EXERCISE DETAILS:
If a record holds a picture, leave the picture out, but write out everything else exactly.

DATA SUPPLIED:

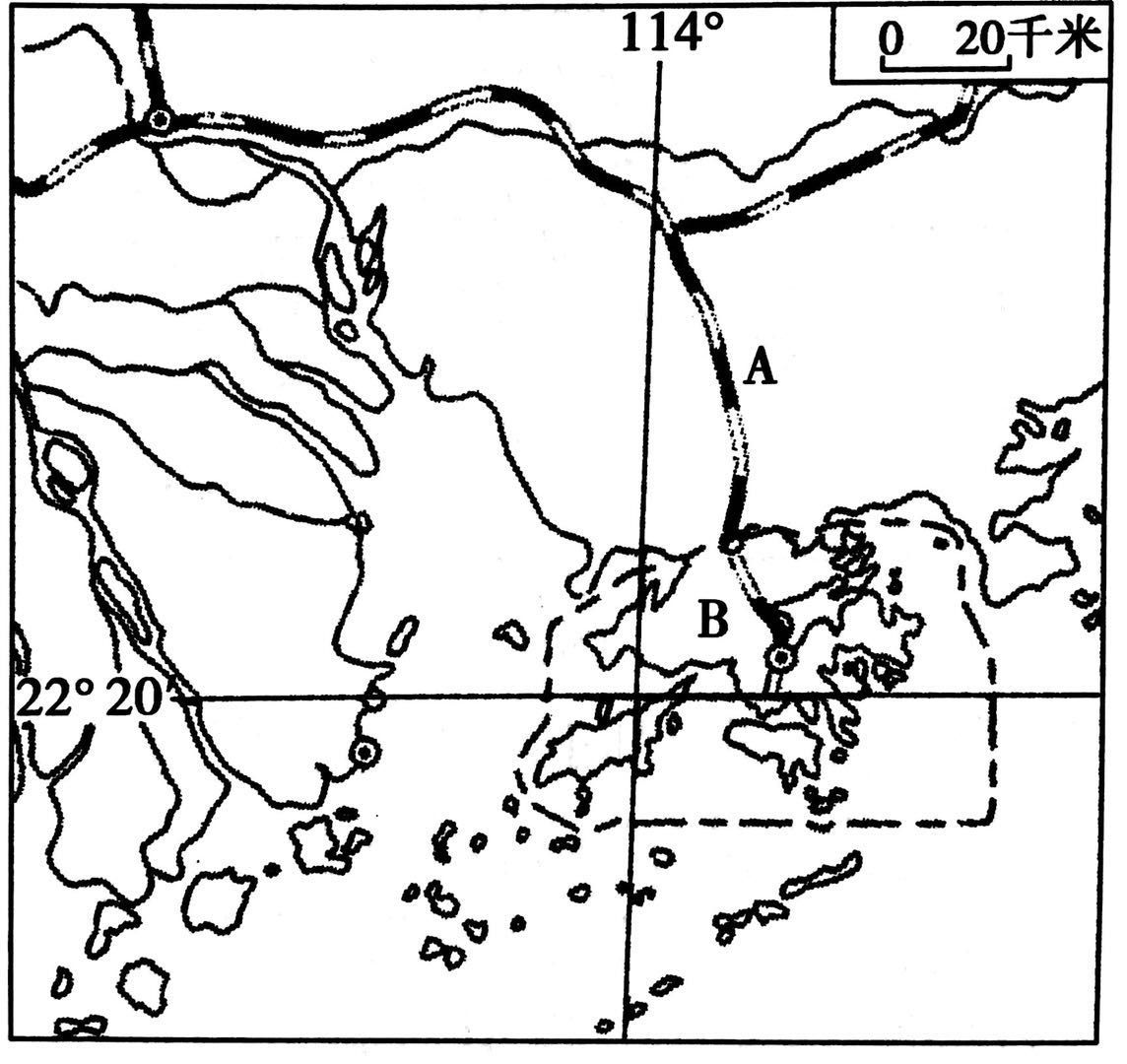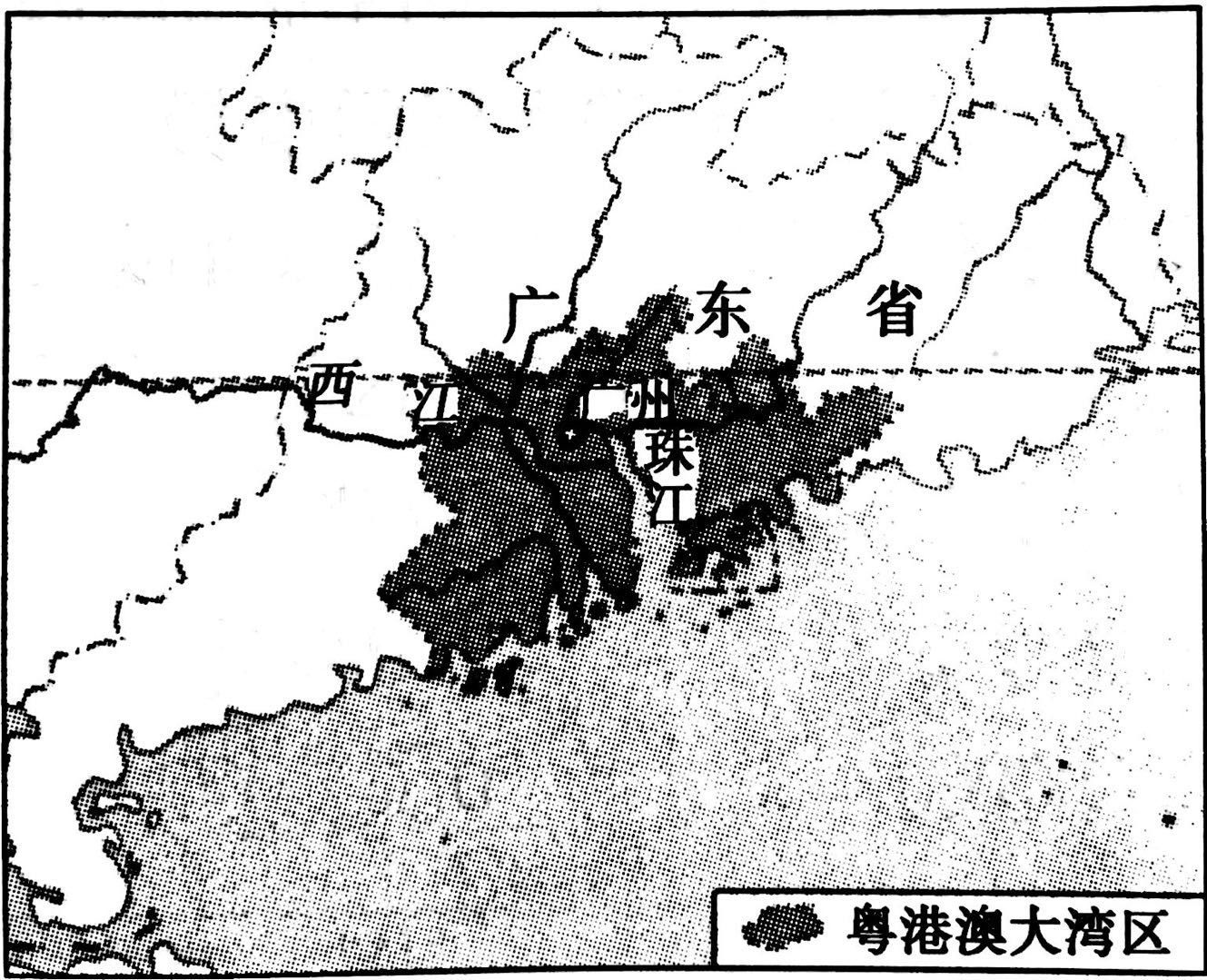 (2017 . 广东)2017年我国“”政府工作报告中提出,研究制定粤港澳大湾区城市群发展规划。读下图,完成1-3题。
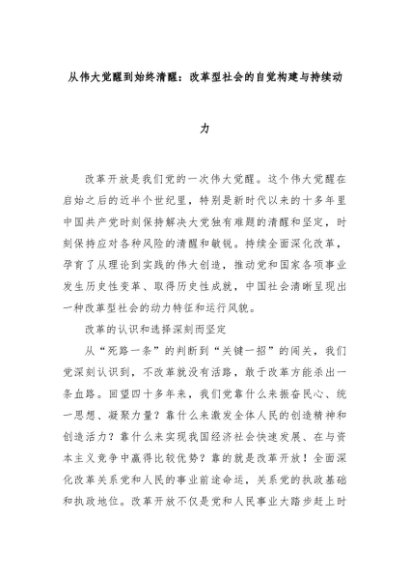 【七哥公文】2024年:从伟大觉醒到始终清醒:改革型社会的自觉构建与持续动力+更多免费公文+VX:QiGeGongWen2024
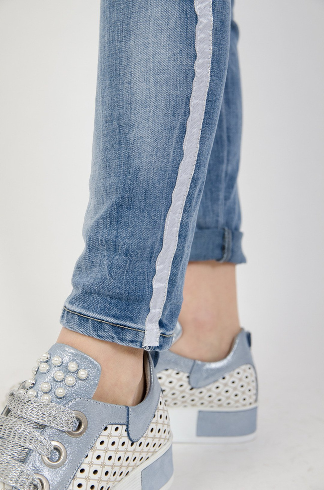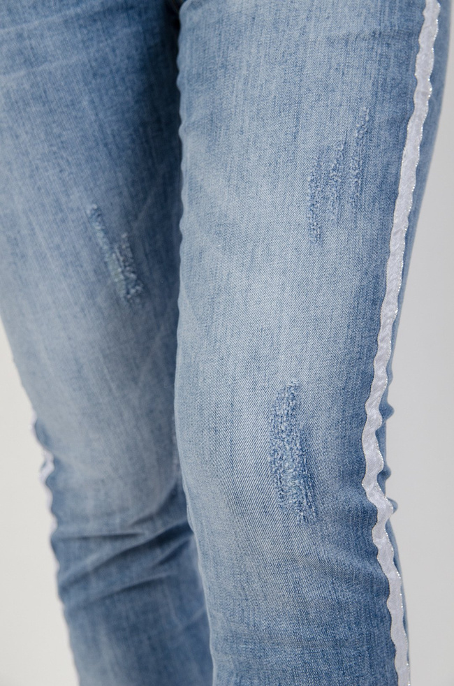 Jasne spodnie jeansowe z połyskującym lampasem. Posiadają gumkę w pasie, wiązane na sznurki.
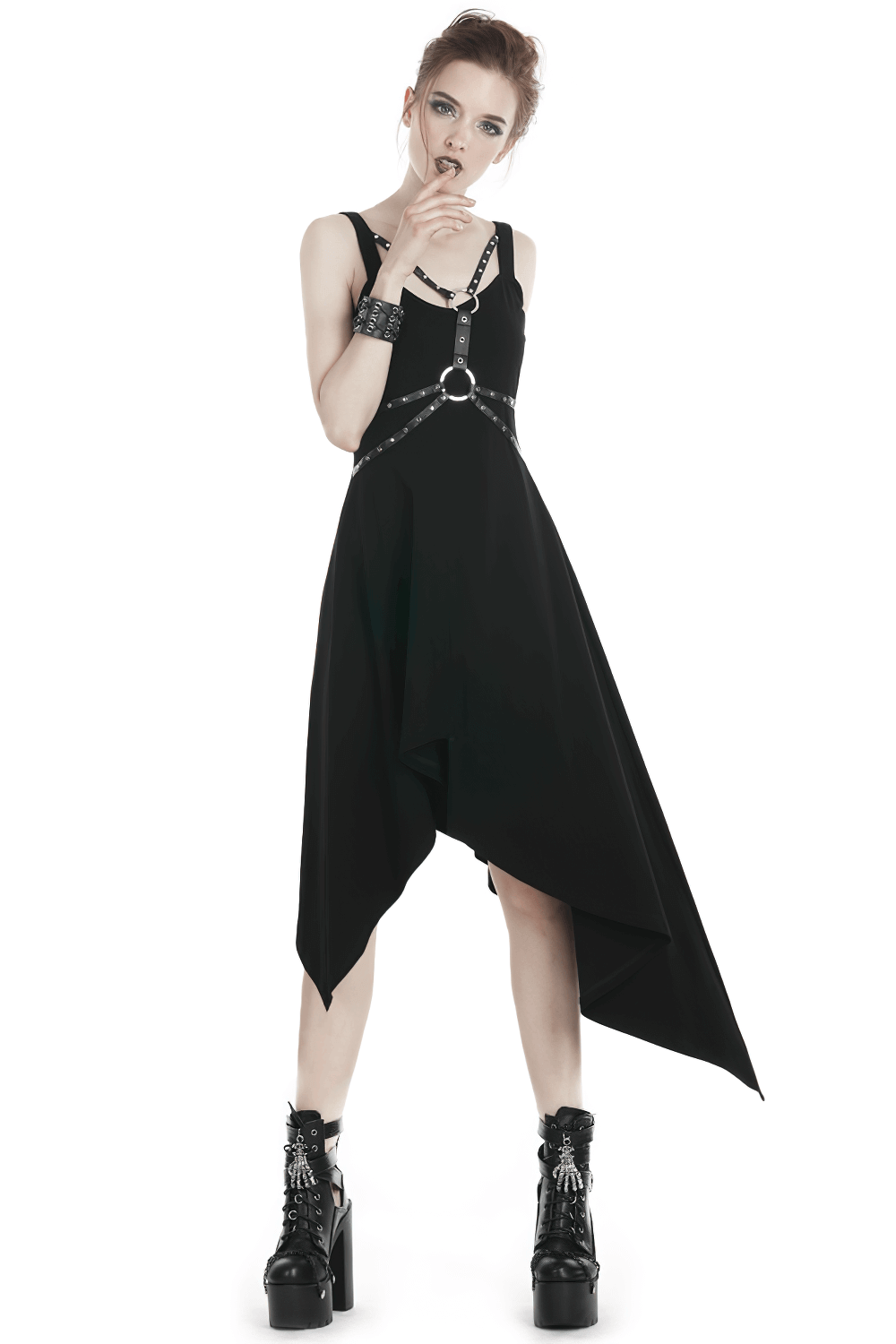 Stylish Asymmetrical Dress featuring Strap and Chain Decor
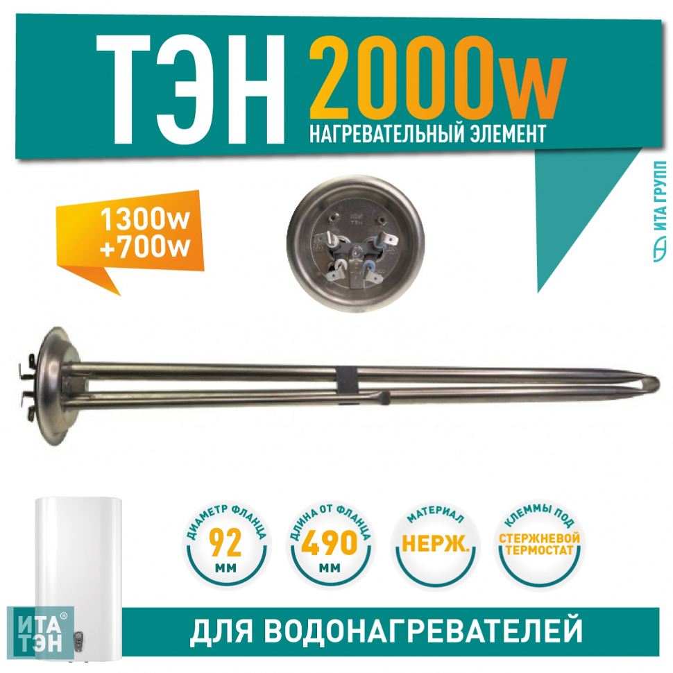 ТЭН мощностью 2000 Вт обеспечивает быстрое и равномерное нагревание воды. Имеет два контура нагрева: 700 Вт и 1300 Вт, что позволяет регулировать интенсивность нагрева в зависимости от потребностей. Длина ТЭНа – 490 мм, диаметр фланца – 92 мм. Клеммы под разъём обеспечивают простое и надёжное подключение. Предусмотрено крепление под анод M4. Рабочее напряжение — 220 В, подходит для использования в бытовых условиях.
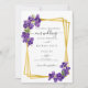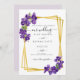 O Convite para Casamento por Aquarela com Violetas Roxas Profundas é uma representação espantosa de beleza eterno e elegância refinada. A combinação de violetas roxas profundas e um quadro luxuoso de ouro cria um senso de opulência e sofisticação, estabelecendo o palco para uma celebração de casamento que é tão encantadora quanto inesquecível. Este convite personalizável deixa certamente uma impressão duradoura sobre os seus convidados e serve como uma lembrança carinhosa do seu dia especial.
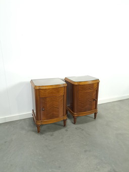 Art Deco Noten Fineer Nachtkastjes Met Lade
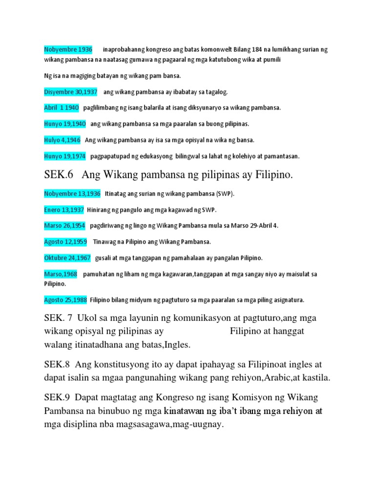 Samantalang nililinang itoy dapat payabungin at pagyamanin pa salig sa umiiral na mga wika ng Pilipinas at sa iba pang mga wika. Sinasalita rin ang mga wikang banyaga tulad ng Ingles Mandarin Fookien Cantonese Kastila at Arabe. Kasalukuyang tawag sa pambansang wika ng Pilipinas.

ANSWER SECTION:
 (2017 . 广东)2017年我国“”政府工作报告中提出,研究制定粤港澳大湾区城市群发展规划。读下图,完成1-3题。
 【七哥公文】2024年:从伟大觉醒到始终清醒:改革型社会的自觉构建与持续动力+更多免费公文+VX:QiGeGongWen2024
 Jasne spodnie jeansowe z połyskującym lampasem. Posiadają gumkę w pasie, wiązane na sznurki.
 Stylish Asymmetrical Dress featuring Strap and Chain Decor
 ТЭН мощностью 2000 Вт обеспечивает быстрое и равномерное нагревание воды. Имеет два контура нагрева: 700 Вт и 1300 Вт, что позволяет регулировать интенсивность нагрева в зависимости от потребностей. Длина ТЭНа – 490 мм, диаметр фланца – 92 мм. Клеммы под разъём обеспечивают простое и надёжное подключение. Предусмотрено крепление под анод M4. Рабочее напряжение — 220 В, подходит для использования в бытовых условиях.
 O Convite para Casamento por Aquarela com Violetas Roxas Profundas é uma representação espantosa de beleza eterno e elegância refinada. A combinação de violetas roxas profundas e um quadro luxuoso de ouro cria um senso de opulência e sofisticação, estabelecendo o palco para uma celebração de casamento que é tão encantadora quanto inesquecível. Este convite personalizável deixa certamente uma impressão duradoura sobre os seus convidados e serve como uma lembrança carinhosa do seu dia especial.
 Art Deco Noten Fineer Nachtkastjes Met Lade
 Samantalang nililinang itoy dapat payabungin at pagyamanin pa salig sa umiiral na mga wika ng Pilipinas at sa iba pang mga wika. Sinasalita rin ang mga wikang banyaga tulad ng Ingles Mandarin Fookien Cantonese Kastila at Arabe. Kasalukuyang tawag sa pambansang wika ng Pilipinas.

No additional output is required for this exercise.